__The data__
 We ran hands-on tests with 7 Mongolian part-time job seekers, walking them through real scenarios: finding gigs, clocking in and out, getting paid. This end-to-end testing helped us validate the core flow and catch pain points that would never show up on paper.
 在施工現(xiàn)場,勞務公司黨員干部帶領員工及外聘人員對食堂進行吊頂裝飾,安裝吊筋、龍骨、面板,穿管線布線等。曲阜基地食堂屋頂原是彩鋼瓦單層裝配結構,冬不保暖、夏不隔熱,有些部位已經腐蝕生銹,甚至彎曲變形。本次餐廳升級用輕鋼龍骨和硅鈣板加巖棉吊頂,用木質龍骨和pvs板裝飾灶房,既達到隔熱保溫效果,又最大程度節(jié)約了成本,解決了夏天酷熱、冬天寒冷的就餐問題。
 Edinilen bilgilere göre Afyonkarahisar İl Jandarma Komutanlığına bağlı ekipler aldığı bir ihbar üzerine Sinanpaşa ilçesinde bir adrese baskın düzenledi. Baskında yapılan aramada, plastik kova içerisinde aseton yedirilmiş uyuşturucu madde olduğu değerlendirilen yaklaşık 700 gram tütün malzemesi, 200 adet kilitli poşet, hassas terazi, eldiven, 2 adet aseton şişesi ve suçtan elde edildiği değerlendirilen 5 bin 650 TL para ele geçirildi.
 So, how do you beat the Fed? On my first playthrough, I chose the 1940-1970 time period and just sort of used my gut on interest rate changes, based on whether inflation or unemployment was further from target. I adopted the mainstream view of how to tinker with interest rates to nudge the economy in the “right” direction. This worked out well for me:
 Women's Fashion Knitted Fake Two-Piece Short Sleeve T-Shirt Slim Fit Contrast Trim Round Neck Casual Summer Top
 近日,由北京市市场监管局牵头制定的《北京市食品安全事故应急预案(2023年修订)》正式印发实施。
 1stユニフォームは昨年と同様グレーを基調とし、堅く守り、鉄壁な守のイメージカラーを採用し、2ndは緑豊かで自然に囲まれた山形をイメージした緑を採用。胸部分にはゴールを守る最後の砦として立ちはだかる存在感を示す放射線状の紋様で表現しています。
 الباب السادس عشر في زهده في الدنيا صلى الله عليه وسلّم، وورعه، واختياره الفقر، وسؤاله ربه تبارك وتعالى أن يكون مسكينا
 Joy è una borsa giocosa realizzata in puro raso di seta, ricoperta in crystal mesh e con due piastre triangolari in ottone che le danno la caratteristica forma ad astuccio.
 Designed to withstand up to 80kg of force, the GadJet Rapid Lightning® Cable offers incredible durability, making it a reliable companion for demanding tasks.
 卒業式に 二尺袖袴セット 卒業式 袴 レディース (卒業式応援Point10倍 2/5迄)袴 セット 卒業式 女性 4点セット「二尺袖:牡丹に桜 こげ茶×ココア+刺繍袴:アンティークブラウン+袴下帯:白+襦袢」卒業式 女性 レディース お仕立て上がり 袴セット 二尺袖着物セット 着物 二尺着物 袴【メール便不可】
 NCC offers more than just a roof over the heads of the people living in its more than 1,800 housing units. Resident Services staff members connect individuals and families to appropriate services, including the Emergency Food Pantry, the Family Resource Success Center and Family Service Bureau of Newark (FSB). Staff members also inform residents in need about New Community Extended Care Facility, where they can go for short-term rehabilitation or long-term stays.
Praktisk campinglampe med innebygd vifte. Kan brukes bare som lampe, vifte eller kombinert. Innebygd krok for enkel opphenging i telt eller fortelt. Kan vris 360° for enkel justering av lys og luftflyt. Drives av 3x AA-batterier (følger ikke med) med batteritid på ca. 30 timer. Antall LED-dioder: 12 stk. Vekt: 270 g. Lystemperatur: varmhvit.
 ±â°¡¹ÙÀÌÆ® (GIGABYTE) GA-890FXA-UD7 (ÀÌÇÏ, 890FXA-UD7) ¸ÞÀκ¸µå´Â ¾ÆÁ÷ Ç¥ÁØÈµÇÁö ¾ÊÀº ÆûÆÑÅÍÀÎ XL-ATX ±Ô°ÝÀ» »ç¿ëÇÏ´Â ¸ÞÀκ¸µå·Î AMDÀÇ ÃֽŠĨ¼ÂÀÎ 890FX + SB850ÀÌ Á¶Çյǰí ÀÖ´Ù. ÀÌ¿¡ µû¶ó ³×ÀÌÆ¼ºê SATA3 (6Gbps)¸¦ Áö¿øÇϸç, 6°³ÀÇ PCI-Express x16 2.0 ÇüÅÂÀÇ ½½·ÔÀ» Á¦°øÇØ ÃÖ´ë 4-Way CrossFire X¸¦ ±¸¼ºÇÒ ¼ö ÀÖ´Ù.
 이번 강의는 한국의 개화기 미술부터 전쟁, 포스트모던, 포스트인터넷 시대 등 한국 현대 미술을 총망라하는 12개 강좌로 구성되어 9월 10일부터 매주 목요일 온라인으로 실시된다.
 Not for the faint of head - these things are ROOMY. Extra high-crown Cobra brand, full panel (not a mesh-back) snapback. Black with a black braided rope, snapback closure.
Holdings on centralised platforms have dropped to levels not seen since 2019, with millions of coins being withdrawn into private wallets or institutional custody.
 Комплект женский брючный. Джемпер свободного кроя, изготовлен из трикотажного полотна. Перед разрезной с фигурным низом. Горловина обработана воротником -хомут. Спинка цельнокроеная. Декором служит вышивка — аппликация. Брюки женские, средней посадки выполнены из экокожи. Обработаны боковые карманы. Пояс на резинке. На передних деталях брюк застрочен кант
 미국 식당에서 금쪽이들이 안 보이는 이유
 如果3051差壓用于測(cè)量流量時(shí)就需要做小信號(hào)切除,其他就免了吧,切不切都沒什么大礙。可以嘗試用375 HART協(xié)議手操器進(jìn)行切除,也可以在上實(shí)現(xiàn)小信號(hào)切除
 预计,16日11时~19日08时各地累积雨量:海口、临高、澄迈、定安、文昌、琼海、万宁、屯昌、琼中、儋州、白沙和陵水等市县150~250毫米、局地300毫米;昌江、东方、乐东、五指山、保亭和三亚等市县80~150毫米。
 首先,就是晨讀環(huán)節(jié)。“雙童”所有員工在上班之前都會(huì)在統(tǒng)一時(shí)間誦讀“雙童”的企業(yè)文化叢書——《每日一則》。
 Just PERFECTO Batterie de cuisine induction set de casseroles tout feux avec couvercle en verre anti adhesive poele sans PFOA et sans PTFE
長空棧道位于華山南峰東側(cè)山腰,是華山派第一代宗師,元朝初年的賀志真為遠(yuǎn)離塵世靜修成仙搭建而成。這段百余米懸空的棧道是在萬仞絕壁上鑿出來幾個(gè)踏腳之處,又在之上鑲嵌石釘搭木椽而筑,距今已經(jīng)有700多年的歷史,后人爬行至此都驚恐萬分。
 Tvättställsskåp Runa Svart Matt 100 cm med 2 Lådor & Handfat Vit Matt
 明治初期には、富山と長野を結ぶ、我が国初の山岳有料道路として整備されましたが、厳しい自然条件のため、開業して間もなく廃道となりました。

__Task to complete__
Look above for the line containing "Tvättställsskåp Runa Svart". From there to the final line of the entries, repeat every line exactly.

__Written answer__
 Tvättställsskåp Runa Svart Matt 100 cm med 2 Lådor & Handfat Vit Matt
 明治初期には、富山と長野を結ぶ、我が国初の山岳有料道路として整備されましたが、厳しい自然条件のため、開業して間もなく廃道となりました。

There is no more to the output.